Treinta años de infamia son muchos siglos y muchas sucesiones en las que no sucedió nada relevante o tajante; páginas baldías al borde del masturbado suicidio o llenas de crustáceos errores y tipos abominables a las diez de mayo en punto; el vecino con un padrastro castrense que le hacía enderezar cachos en el rastro municipal; mi abuela y su aura prehispánica que destilaba embrujos a las diez de mayo en punto; mi prima y su insociable padre que nunca quiso sonreír en casa y terminó perdido en la ironía de un universo de nueve ladrillos; tantos rodeos que da el alma para pedir que Hera se desnude y vuelva a los días en los que soñaba que podía viajar en el tiempo, y siempre regresaba al mesón en el que me despedí de mi madre que miraba hacia la Juan Bertis, y en el que puse en práctica las clases del aparato reproductor a las diez de mayo en punto; y todos en el mesón celebrando el día de la madre e intercambiando gatitos de colores hechos con las sobras de la sastrería del chele Larín y que todo el mundo amaba por suaves; el hermano menor de don Nico, el barbero, enfermo de sífilis, por eso le dieron de baja en el ejército antes de que contagiara a su sargento; yo, con sarampión y paperas a las diez de mayo en punto; yo, sin un padre con quien darle otro significado a mayo por la tarde, pero mejor, porque después supe que era un tipo derrotado por el virus del cobre… y además porque estaba mi abuela brillante, severa y sabia cuando hablaba de temas que no conocía.

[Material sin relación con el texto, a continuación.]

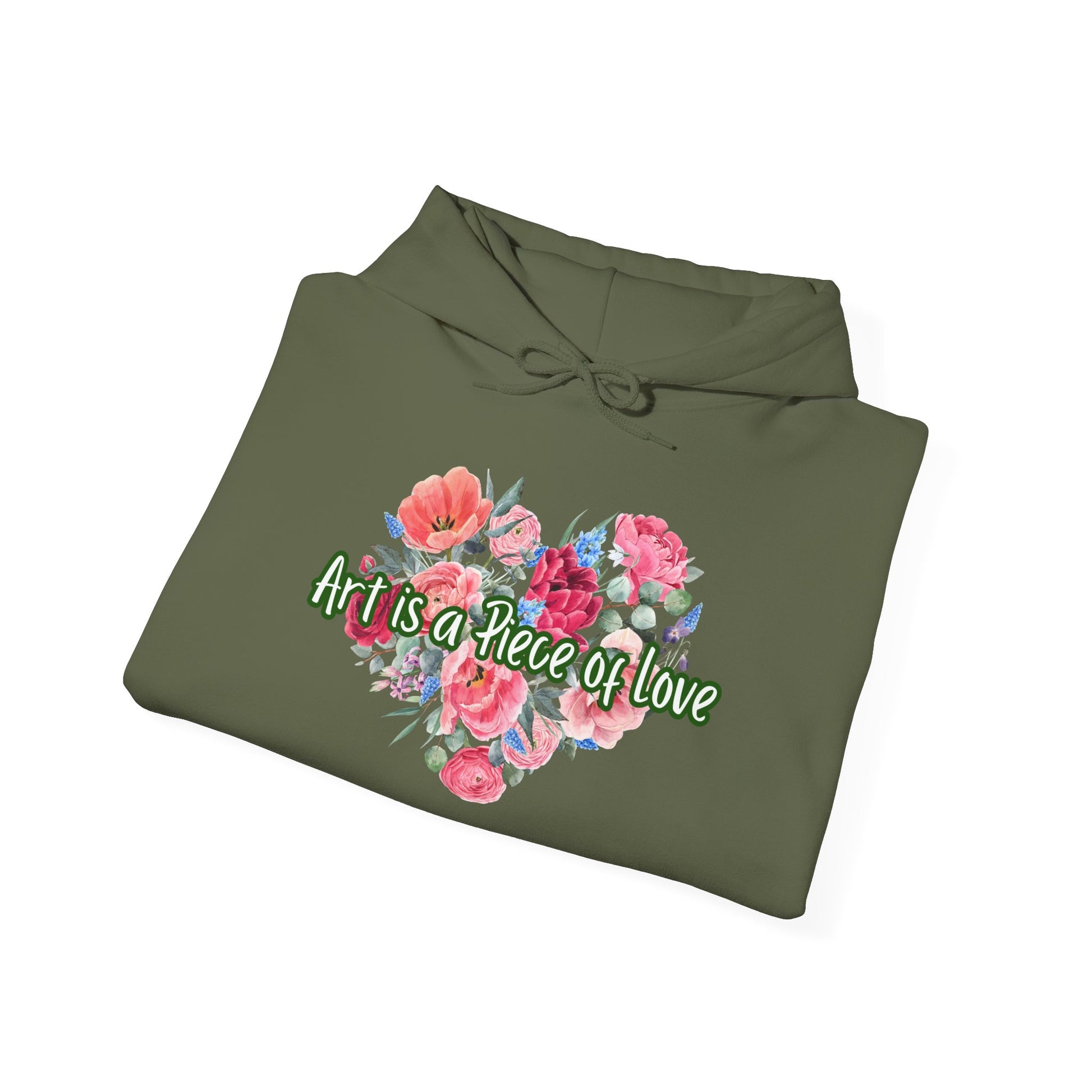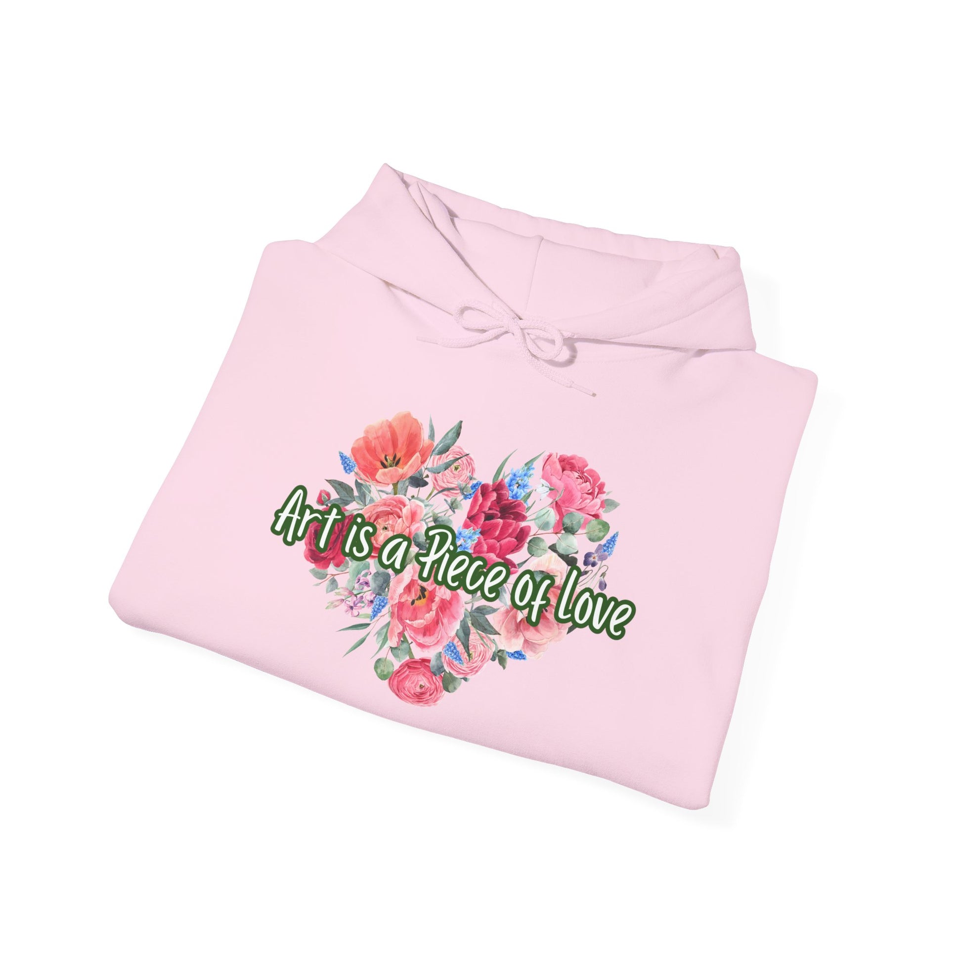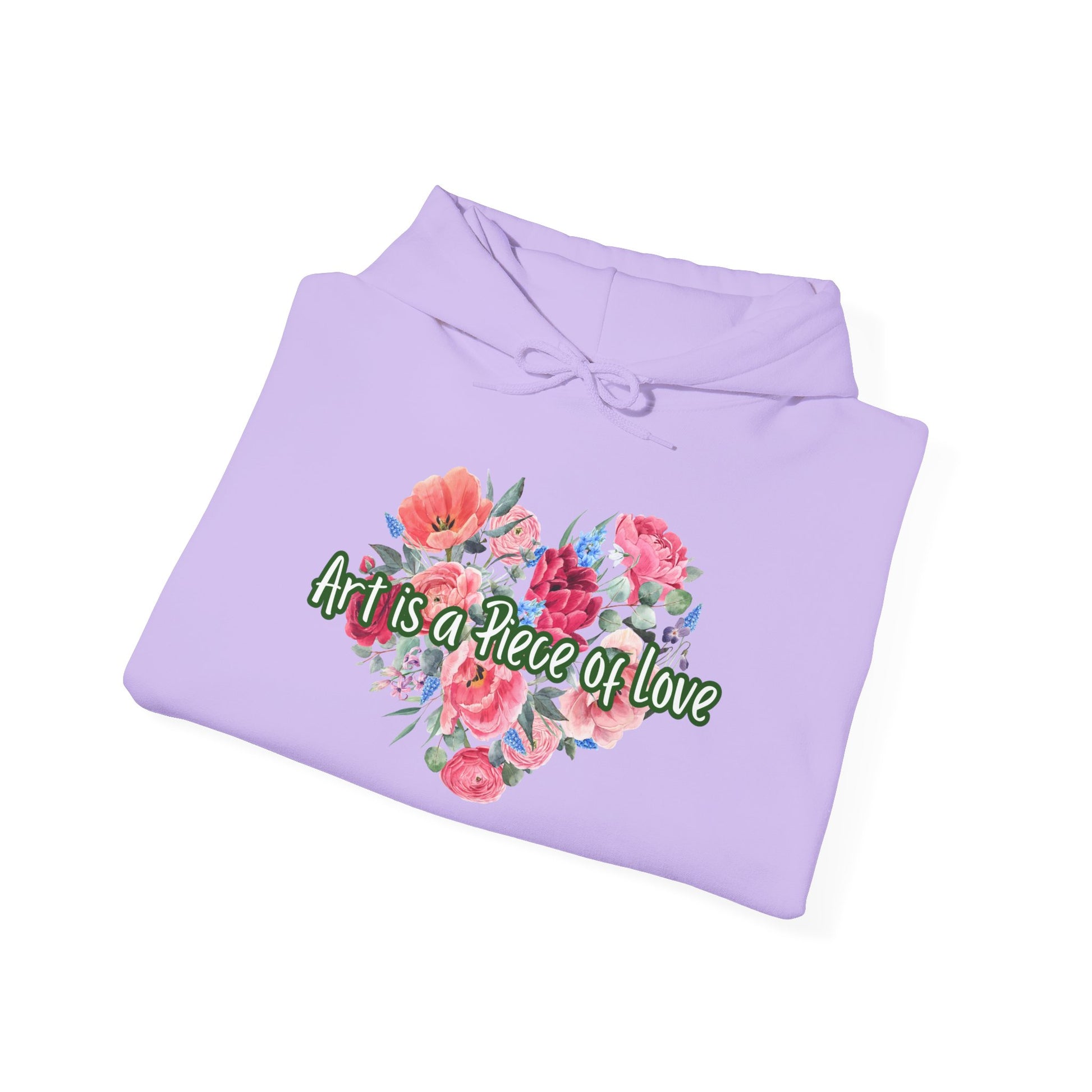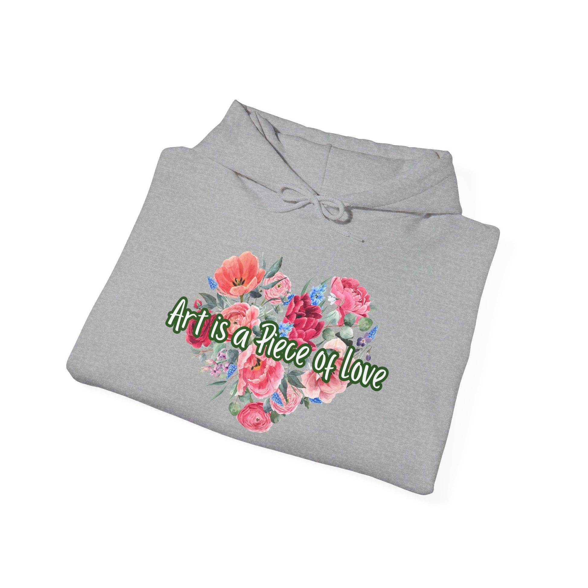 This cozy Unisex Heavy Blend™ Hooded Sweatshirt is perfect for anyone who loves to express their creativity. With its heartwarming design that reads ‘Art is a Piece of Love', it radiates warmth and passion, making it an ideal choice for artists, nature lovers, and anyone who appreciates beauty. The soft fabric provides a comforting embrace on chilly days, whether you're working on your latest masterpiece or enjoying a casual outing with friends. This sweatshirt is versatile enough for everyday wear, festive gatherings, or simply lounging at home. A great gift for holidays, birthdays, or just because, it's perfect for celebrating your creativity and spreading joy. Product features - Spacious kangaroo pouch pocket for warmth - Adjustable drawstring hood for a perfect fit - Made from a medium-heavy fabric blend for durability - Direct-to-Film (DTF) sleeve prints offer unique designs - Ethically sourced materials for responsible fashion Care instructions - Tumble dry: medium - Iron, steam or dry: low heat - Do not dryclean - Machine wash: cold (max 30C or 90F) - Non-chlorine: bleach as needed S M L XL 2XL 3XL 4XL Width, in 20.08 22.05 24.02 25.98 27.99 29.92 31.89 Length, in 27.17 27.95 29.13 29.92 31.10 31.89 33.07 Sleeve length from center back, in 33.50 34.50 35.50 36.50 37.50 38.50 39.50 Size tolerance, in 1.50 1.50 1.50 1.50 1.50 1.50 1.50 We work with Printify as our Production Partner to manufacture this item.
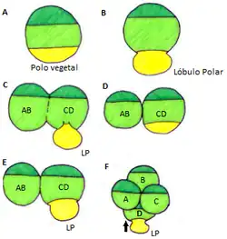 Posterior a la primera división, el lóbulo es reabsorbido por el blastómero CD. Después de esto, y antes del segundo clivaje, es formado nuevamente a partir de este mismo blastómero. Por último, al darse la segunda división, el lóbulo es incorporado al blastómero D.[1]

Treinta años son muchos adioses con la asta desolada para conocer el poder del amor que detiene balas, anemias, indigencias, traiciones y pendejos doctorados en historia victimaria; hace un año que mi madre repasa sus adentros desde adentro de sí misma; ochenta y cinco años de yodo bastan, pero no sobran, piensa, distraída y alegre, y un vaho de ternura fantasmagórica se le escapa como un cordel en busca de su trompo, o como un hilo al que le mutilaron la piscucha. Cómo quisiera volver a verla viendo la avenida en que me perdí, para regresar y decirle que oigo su padre nuestro, pero a las diez de mayo en punto, qué otra cosa puedo hacer yo que escribir para que no muera, regalarle una gatita blanca o sacarla del hospital para curarla con besos alcanforados caseros.

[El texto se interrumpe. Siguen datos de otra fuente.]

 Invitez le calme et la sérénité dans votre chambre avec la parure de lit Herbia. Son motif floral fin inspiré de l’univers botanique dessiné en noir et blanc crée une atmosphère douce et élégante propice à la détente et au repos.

Cincuenta y nueve años míos son muchos olvidos frente al recuerdo de ella, como verme en las fotos viejas que no sabían verme con corbata o fusil. A las diez de mayo en punto lo que veo es que soy, sin pregones ni misales hipocresías, el pedazo oscuro desprendido de su luna, la utopía de su sueño boca abajo y cubierta de lluvia a las diez de mayo en punto, esa hora de la tarde en la que hablamos de cosas distintas con iguales palabras sin necesidad de estar juntos: yo, en la cárcel clandestina; ella, en la calle exigiendo mi liberación.

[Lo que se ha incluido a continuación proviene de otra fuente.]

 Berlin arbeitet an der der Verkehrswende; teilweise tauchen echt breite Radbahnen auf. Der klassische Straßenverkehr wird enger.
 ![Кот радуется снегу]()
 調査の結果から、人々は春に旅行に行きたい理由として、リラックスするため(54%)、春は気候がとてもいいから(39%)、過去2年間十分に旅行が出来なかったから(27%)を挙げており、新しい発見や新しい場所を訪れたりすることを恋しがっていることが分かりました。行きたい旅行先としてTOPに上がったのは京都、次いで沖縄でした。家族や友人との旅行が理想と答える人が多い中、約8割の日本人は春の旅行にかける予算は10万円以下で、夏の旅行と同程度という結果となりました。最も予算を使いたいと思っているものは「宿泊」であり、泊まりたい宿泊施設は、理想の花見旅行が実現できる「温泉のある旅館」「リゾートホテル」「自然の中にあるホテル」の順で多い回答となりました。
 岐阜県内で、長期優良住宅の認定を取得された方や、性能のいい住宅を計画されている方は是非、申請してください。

A las diez de mayo en punto, ella es el humo del incienso de sándalo que nadie ve saliendo de mí bajo como palabras; es una almohada itinerante en busca de mi cabeza cuando la tribulación manda; es una ciudad de ojos grises que espera todavía mi declaración jurada sobre la tortura y asesinato de la revolución; es el telegrama de afligido amor que me escribió hace treinta y nueve años, a las diez de mayo en punto, que me espera, en una banca de madera del resucitado edificio del telégrafo, para que lo lea en silencio mientras dibujo espejos negros y unicornios azules que, a las diez de mayo de la tarde, se obstinan en ser buenos, honrados, cariñosos, titulados, alegres, tal como soñó, a las diez de mayo en punto, que serán sus nietos. Son las diez de mayo en punto, las diez de mayo de la tarde en todas las lunas, almanaques y relojes que en lugar de marcar la hora marcan la nostalgia.